Polly wasted no time, despite this being the warmest welcome she’d ever received from Margot. She brushed passed the woman, who shut the door with a gentle thump. Mrs Tyler bolted the chain across and replaced the chair beneath the handle. That explained the shudder.
Margot turned to face her, countenance a rictus of terror and exhaustion. “I haven’t slept since they got here,” she said. The knife trembled in her fingers, pointed at Polly. She guessed Margot didn’t mean it as a threat, merely as protection against the teeth of the world. “All. Night. Long. That moaning, moaning, moaning…”
“So you’ll let me use your balcony, then?” Polly added: “Mrs Tyler?”
Margot stepped forward, knife jutted outwards. Like a jouster sans horse. “Yes, yes! Just get rid of them, please! For my sanity’s sake!”
A bit late for that, Polly almost said. She bit down on her tongue. She nodded. “Mm-hm.”
Margot continued. “I can’t take another sleepless night! When I’m awake, all I can hear are their groans, and when I’m asleep—” she shuddered “—I dream about them.” Her eyes widened, the veins of the sclera throbbed red and angry, the blues of the irises watery. “Their hands.” Her voice dropped down a register. “Their teeth.”
“Stay here.” Polly gestured with the drill. “And guard the door. This might get noisy.”
Mrs Tyler clutched the knife with both hands. “But you’ll get them? All of them?”
Polly grunted an affirmation.
“O-okay. I’ll do it!”
“Good.”
The old bat turned and faced the door. As if the infected were right outside and the wood might splinter at any moment. Polly smirked and frowned. “Boomers,” she whispered, under her breath.
And then she headed for the veranda.
She pulled the curtain aside — a gaudy red and orange affair — then opened the door.
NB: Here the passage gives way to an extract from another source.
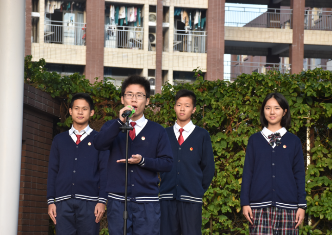 11月25日清晨,在省实附中新学期第13周晨会上,五星红旗高高飘扬,学校第十五届新团委、学生会全体成员集体登台亮相并在旗下发表就职宣言,誓要积极进取地学习,认真负责地工作, 为了省附更美好的明天而努力奋斗。随后,第十四届校团委、校学生会集体成员登台接受大家对他们一年来辛苦工作的感谢,并接受了常务副校长黄冬玲和党总支书记兼副校长钟民颁发的荣誉证书。

It swung open without so much as a squeak. Polly stepped out onto the balcony, the sunshine warm and right upon her too-pale skin. Ground floor though it was, Margot’s balcony jutted out several feet above the courtyard. A metal railing ran around the perimeter.
Even so, a cold ripple racked her body as all those eyes shifted to face her.
Bloodied faces. Torn flesh. Scarred skin. Ragged clothes. Some missed limbs. Others had suffered burns. All had vacant stares, eyes glazed and white. Their jaws — those who still had them, at any rate — hung loose, as if in deep surprise. At the sight of her, teeth began to grin the empty air — like cows who chew the cud.
And then, the throng looked away.
Movement on the opposite side of the courtyard, on the lowest balcony of 13C. A man with a cricket bat, a scarf tied around his face. He waved at her with his bludgeoning device. Polly returned the gesture. More motion, to the sides. People crept out onto their verandas. An assortment of weapons in their hands, a variety of armours upon their bodies.
Polly smiled.
Teamwork.
She raised the drill and pulled the trigger. The bit whirled into life. A task she should have done whilst Darell was still alive. Hell, they all should have helped him. His blood stained everyone’s hands. They shouldn’t have left it all up to him. And now they’d suffered the consequences. But together, they could take back Greywood Courtyard once more. Together.
She squinted into the sunlight.
“Time to perform some full-frontal lobotomies.”